HOW TO COMPLETE THIS TASK: Produce a perfect copy of the listing, matching each line.
** DATASET SECTION follows **
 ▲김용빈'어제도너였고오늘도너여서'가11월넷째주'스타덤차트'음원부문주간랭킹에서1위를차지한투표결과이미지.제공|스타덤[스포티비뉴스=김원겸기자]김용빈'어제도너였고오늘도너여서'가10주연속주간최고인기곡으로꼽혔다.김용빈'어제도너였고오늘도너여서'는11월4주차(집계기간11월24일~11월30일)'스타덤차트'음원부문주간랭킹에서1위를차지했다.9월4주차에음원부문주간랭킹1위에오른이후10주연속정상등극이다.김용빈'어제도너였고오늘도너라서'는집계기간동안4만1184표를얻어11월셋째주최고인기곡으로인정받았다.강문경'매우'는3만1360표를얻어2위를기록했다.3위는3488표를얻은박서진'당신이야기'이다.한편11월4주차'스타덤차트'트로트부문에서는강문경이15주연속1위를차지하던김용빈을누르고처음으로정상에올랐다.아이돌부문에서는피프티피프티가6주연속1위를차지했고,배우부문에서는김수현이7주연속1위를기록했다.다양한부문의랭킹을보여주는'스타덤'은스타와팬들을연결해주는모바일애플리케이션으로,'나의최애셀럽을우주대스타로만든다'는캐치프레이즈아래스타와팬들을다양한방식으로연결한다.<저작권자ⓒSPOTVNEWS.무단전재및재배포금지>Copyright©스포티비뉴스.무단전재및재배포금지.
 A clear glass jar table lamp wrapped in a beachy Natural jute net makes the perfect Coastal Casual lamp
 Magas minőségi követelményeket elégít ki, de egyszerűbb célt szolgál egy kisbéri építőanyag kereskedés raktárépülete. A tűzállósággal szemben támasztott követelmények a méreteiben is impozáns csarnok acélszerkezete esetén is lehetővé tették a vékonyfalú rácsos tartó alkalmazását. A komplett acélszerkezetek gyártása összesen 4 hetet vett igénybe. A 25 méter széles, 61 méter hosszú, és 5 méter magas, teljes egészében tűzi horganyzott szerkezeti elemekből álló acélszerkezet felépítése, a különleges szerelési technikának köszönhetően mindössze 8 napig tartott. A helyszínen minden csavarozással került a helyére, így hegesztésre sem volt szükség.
** End of DATASET SECTION **
TASK SOLUTION:
 ▲김용빈'어제도너였고오늘도너여서'가11월넷째주'스타덤차트'음원부문주간랭킹에서1위를차지한투표결과이미지.제공|스타덤[스포티비뉴스=김원겸기자]김용빈'어제도너였고오늘도너여서'가10주연속주간최고인기곡으로꼽혔다.김용빈'어제도너였고오늘도너여서'는11월4주차(집계기간11월24일~11월30일)'스타덤차트'음원부문주간랭킹에서1위를차지했다.9월4주차에음원부문주간랭킹1위에오른이후10주연속정상등극이다.김용빈'어제도너였고오늘도너라서'는집계기간동안4만1184표를얻어11월셋째주최고인기곡으로인정받았다.강문경'매우'는3만1360표를얻어2위를기록했다.3위는3488표를얻은박서진'당신이야기'이다.한편11월4주차'스타덤차트'트로트부문에서는강문경이15주연속1위를차지하던김용빈을누르고처음으로정상에올랐다.아이돌부문에서는피프티피프티가6주연속1위를차지했고,배우부문에서는김수현이7주연속1위를기록했다.다양한부문의랭킹을보여주는'스타덤'은스타와팬들을연결해주는모바일애플리케이션으로,'나의최애셀럽을우주대스타로만든다'는캐치프레이즈아래스타와팬들을다양한방식으로연결한다.<저작권자ⓒSPOTVNEWS.무단전재및재배포금지>Copyright©스포티비뉴스.무단전재및재배포금지.
 A clear glass jar table lamp wrapped in a beachy Natural jute net makes the perfect Coastal Casual lamp
 Magas minőségi követelményeket elégít ki, de egyszerűbb célt szolgál egy kisbéri építőanyag kereskedés raktárépülete. A tűzállósággal szemben támasztott követelmények a méreteiben is impozáns csarnok acélszerkezete esetén is lehetővé tették a vékonyfalú rácsos tartó alkalmazását. A komplett acélszerkezetek gyártása összesen 4 hetet vett igénybe. A 25 méter széles, 61 méter hosszú, és 5 méter magas, teljes egészében tűzi horganyzott szerkezeti elemekből álló acélszerkezet felépítése, a különleges szerelési technikának köszönhetően mindössze 8 napig tartott. A helyszínen minden csavarozással került a helyére, így hegesztésre sem volt szükség.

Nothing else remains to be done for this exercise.